[Opening Given data section]

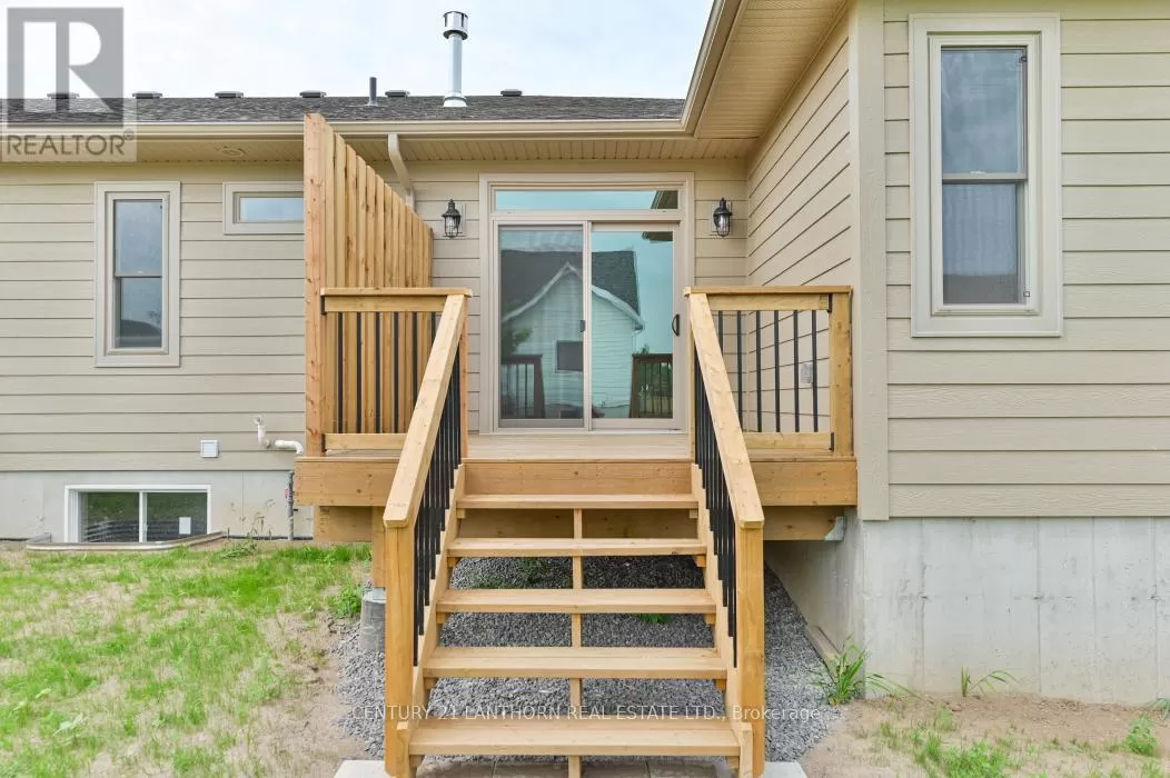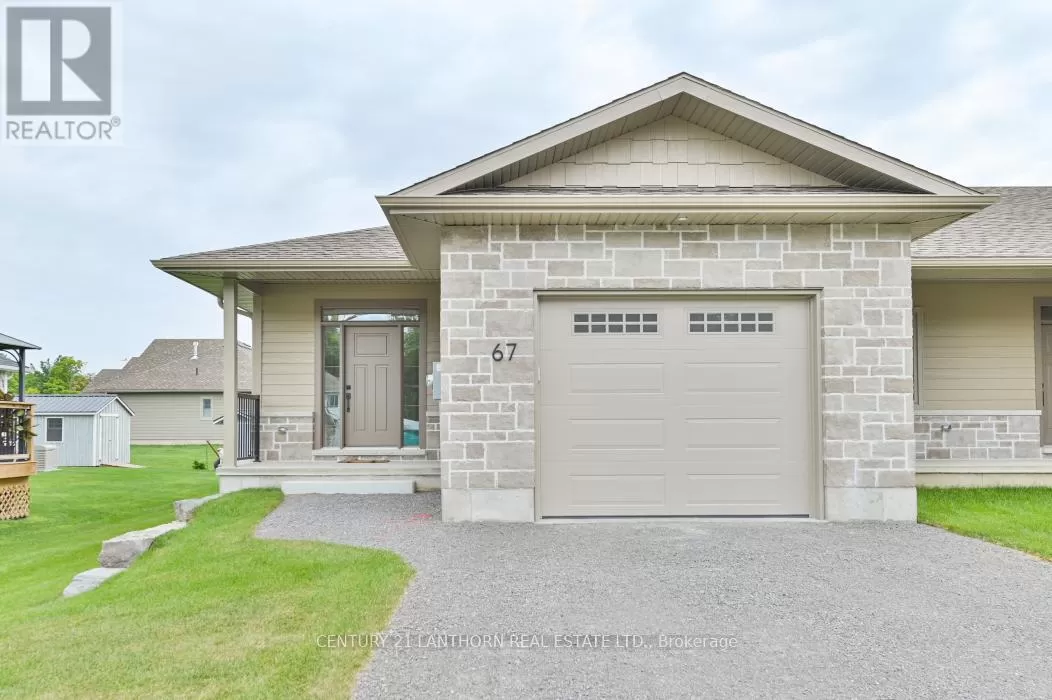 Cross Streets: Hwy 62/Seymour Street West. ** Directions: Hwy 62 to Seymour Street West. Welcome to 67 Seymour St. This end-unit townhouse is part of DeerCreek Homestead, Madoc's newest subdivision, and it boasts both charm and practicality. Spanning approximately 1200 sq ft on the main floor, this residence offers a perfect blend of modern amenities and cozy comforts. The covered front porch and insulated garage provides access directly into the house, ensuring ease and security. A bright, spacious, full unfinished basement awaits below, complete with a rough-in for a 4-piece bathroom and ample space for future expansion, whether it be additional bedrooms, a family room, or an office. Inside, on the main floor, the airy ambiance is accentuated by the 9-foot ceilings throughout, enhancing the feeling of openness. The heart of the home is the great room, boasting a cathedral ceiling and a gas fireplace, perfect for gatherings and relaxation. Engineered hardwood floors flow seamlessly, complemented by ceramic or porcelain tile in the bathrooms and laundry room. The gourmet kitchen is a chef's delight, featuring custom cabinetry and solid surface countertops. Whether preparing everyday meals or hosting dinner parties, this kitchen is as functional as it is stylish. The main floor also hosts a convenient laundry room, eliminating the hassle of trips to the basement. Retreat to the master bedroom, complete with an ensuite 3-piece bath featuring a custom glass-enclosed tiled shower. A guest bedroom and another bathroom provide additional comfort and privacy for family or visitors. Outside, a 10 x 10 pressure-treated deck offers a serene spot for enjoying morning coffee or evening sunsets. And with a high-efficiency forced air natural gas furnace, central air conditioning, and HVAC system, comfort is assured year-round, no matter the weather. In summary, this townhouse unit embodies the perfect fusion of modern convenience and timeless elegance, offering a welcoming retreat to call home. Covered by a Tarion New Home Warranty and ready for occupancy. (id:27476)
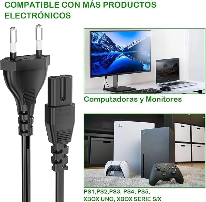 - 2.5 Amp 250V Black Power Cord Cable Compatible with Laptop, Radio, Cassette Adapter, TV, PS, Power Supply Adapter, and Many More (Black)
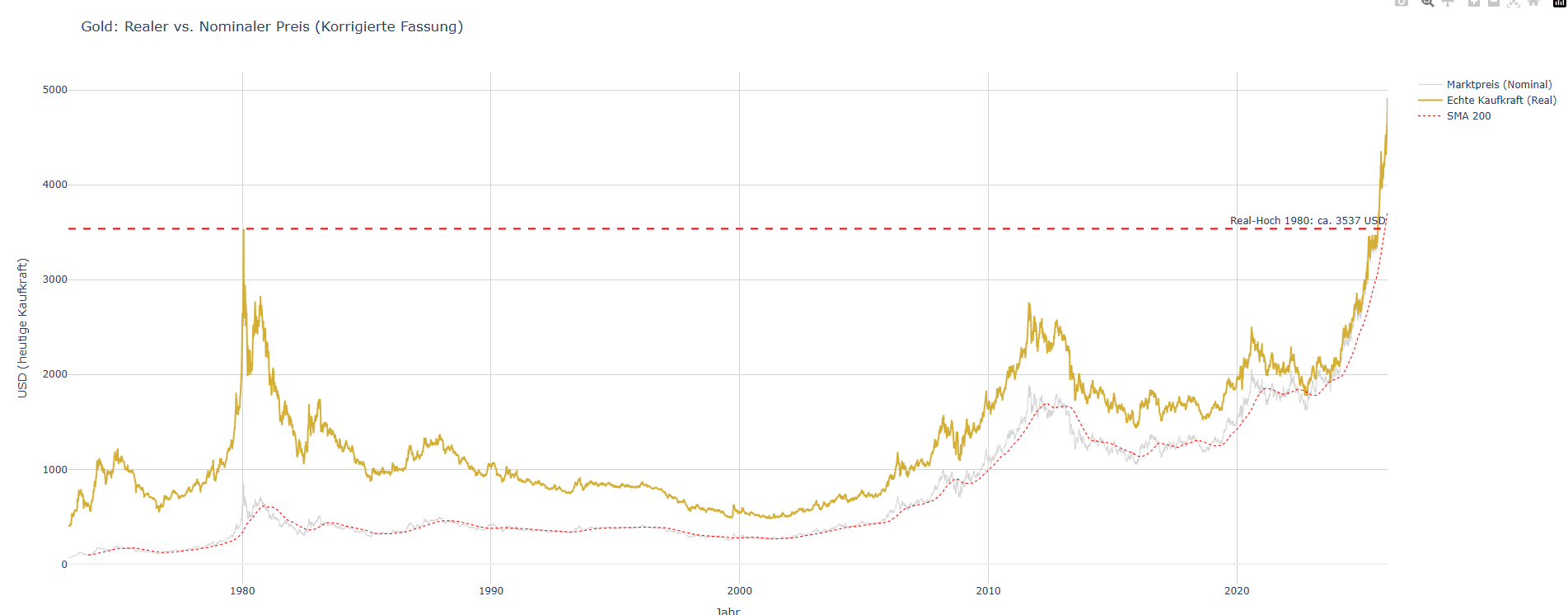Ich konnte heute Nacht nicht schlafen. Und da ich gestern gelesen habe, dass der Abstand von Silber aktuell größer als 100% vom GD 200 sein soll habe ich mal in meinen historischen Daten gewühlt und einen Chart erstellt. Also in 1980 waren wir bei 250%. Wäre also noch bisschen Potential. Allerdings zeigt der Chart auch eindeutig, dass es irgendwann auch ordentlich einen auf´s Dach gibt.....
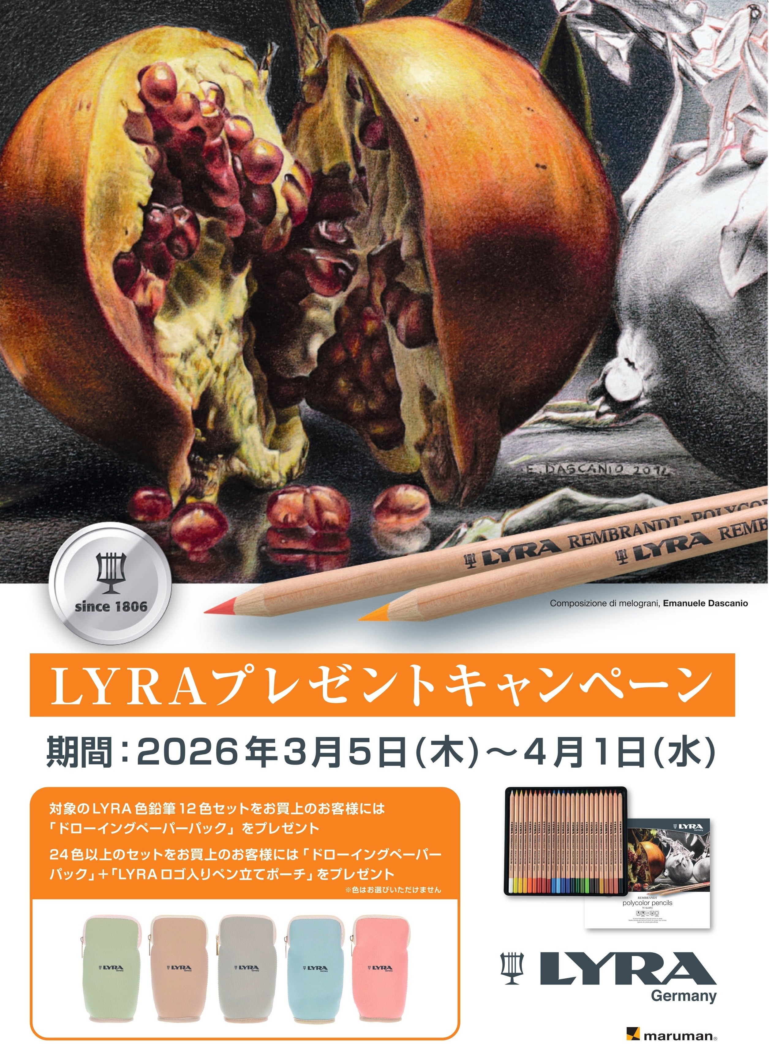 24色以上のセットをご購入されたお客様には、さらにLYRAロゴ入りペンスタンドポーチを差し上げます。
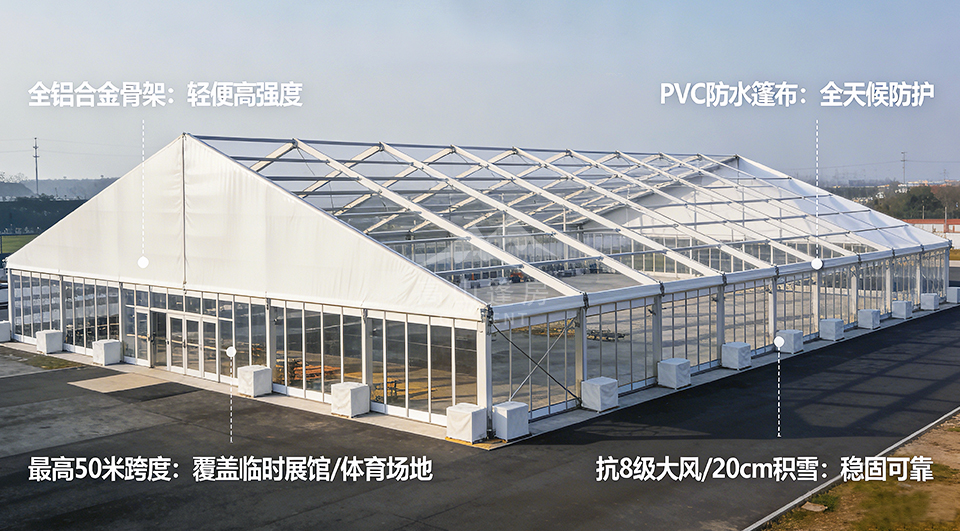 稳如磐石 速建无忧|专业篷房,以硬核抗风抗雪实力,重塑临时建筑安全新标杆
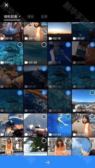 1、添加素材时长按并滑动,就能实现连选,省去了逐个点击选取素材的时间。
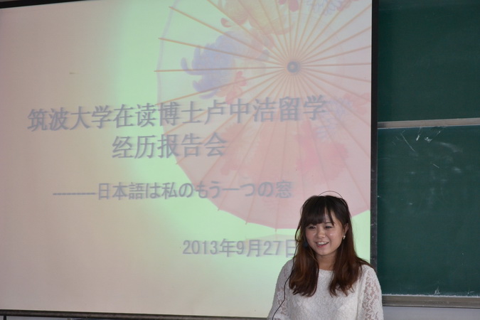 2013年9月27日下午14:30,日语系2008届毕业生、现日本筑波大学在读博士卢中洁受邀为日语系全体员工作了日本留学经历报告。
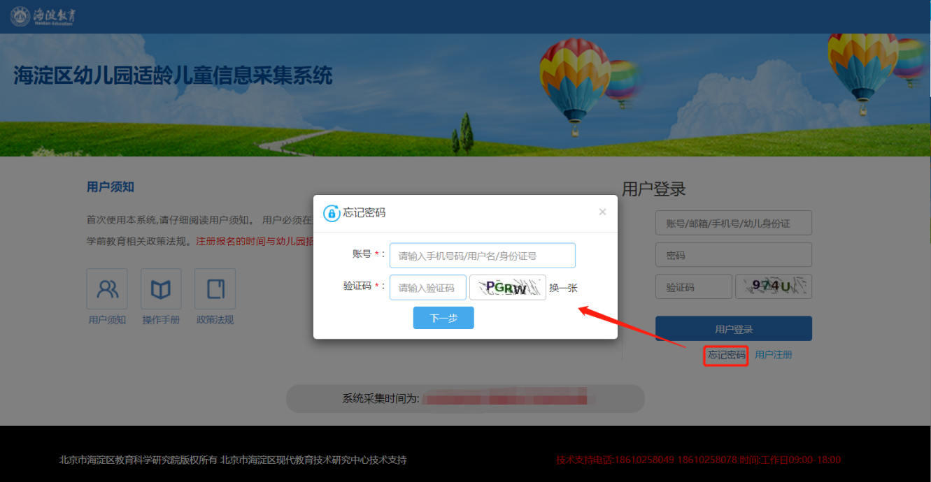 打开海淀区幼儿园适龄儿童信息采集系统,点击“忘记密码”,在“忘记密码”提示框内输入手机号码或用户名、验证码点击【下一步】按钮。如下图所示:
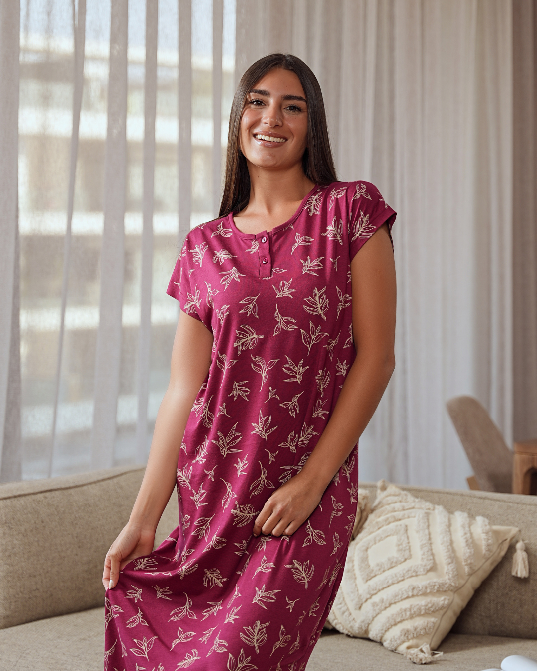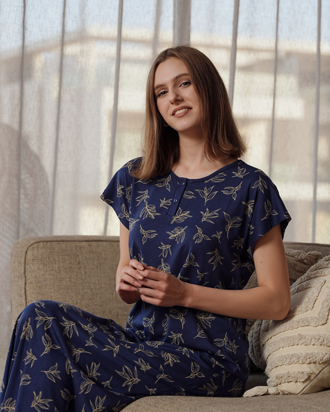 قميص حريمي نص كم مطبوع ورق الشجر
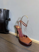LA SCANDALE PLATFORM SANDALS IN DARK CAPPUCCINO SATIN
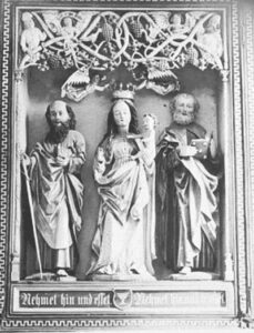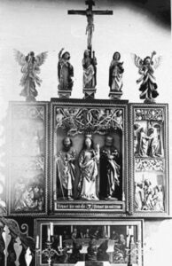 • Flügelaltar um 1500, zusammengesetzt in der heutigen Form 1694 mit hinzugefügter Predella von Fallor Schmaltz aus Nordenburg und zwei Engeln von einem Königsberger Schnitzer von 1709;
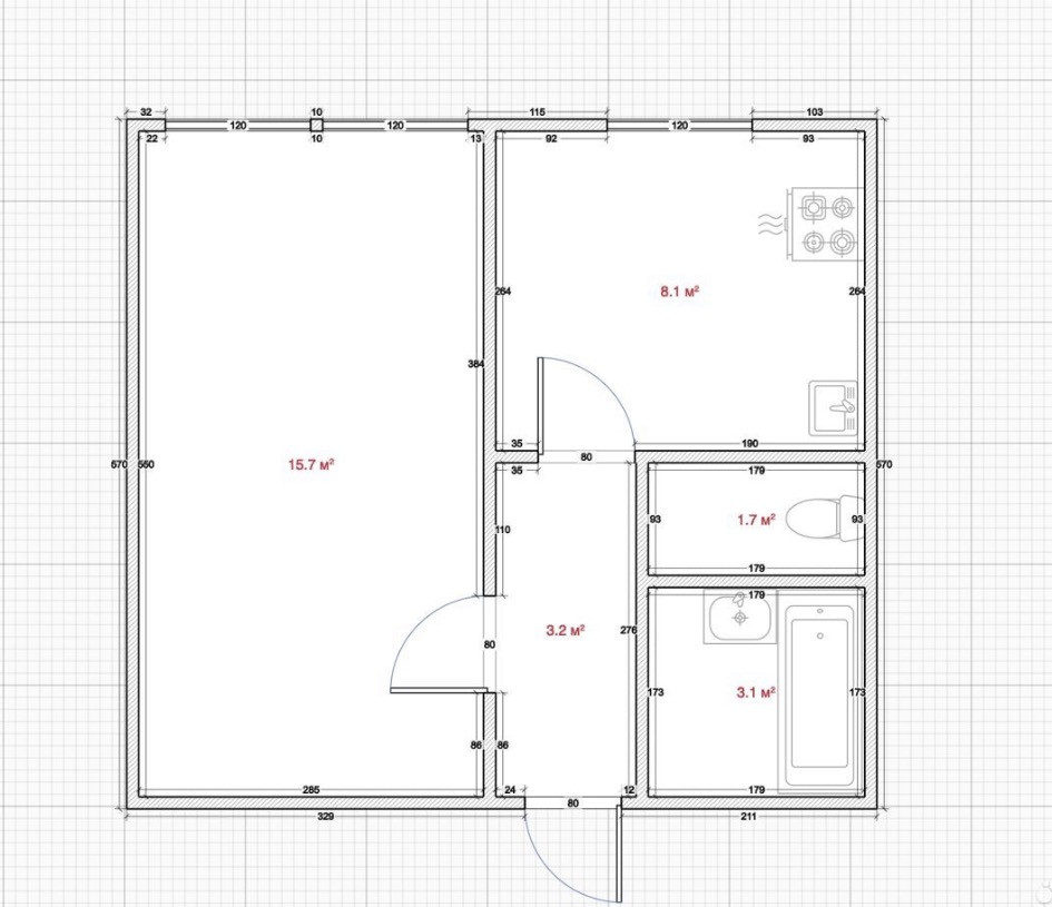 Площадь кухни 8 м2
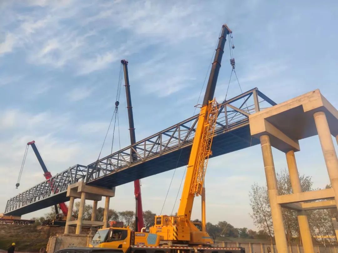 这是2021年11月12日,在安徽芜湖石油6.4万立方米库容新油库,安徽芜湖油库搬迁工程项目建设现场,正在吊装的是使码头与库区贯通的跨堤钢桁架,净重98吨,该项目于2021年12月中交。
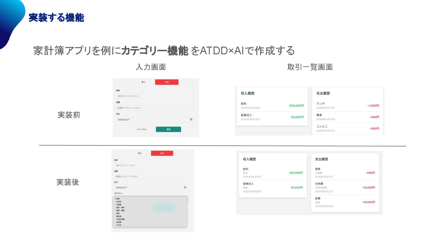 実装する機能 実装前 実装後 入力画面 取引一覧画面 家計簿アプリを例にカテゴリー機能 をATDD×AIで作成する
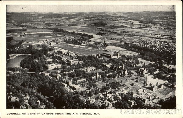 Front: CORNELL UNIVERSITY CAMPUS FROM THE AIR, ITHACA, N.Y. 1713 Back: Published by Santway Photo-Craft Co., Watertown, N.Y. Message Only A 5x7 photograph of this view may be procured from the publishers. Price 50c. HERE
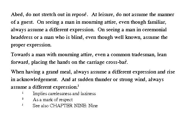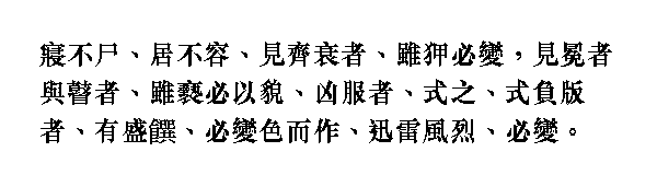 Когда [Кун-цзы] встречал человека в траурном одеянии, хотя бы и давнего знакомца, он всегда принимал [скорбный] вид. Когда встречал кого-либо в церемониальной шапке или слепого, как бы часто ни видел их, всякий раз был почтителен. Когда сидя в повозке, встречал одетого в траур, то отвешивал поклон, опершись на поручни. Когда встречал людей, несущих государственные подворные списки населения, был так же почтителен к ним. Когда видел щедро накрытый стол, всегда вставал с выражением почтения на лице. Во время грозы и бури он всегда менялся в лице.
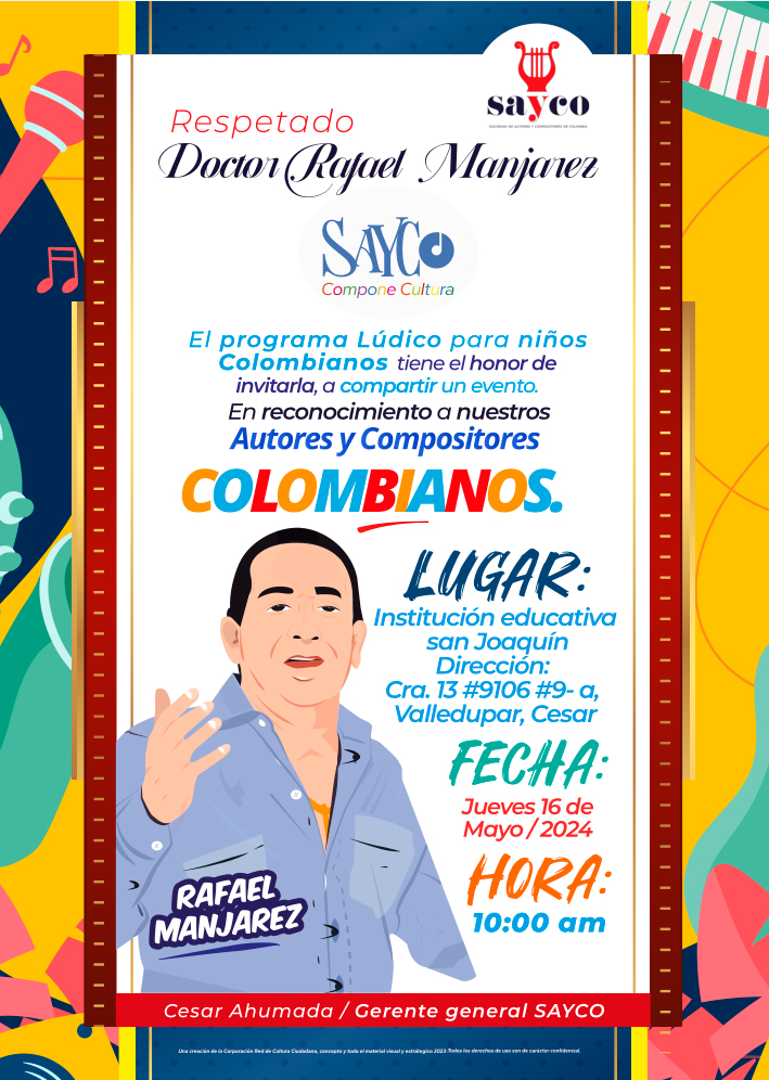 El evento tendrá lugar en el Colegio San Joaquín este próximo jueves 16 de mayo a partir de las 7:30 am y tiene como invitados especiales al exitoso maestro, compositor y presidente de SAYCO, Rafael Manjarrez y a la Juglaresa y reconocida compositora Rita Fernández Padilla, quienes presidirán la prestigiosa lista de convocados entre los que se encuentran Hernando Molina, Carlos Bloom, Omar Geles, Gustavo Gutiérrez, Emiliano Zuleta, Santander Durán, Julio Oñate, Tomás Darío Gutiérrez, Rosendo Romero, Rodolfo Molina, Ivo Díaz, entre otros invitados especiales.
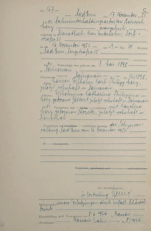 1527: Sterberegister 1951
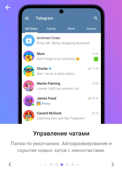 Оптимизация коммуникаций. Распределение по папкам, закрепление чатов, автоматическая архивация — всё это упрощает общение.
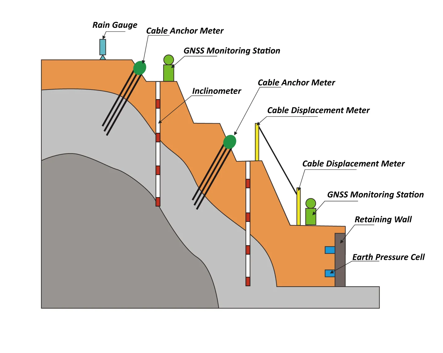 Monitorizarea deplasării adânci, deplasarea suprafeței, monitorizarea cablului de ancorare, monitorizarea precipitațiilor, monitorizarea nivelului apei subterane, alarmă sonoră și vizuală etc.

[Closing Given data section]

Write out again the lines from the one with "Оптимизация коммуникаций. Распределение" through the end of the records exactly, without any of the pictures.

** Answer area **
 Оптимизация коммуникаций. Распределение по папкам, закрепление чатов, автоматическая архивация — всё это упрощает общение.
 Monitorizarea deplasării adânci, deplasarea suprafeței, monitorizarea cablului de ancorare, monitorizarea precipitațiilor, monitorizarea nivelului apei subterane, alarmă sonoră și vizuală etc.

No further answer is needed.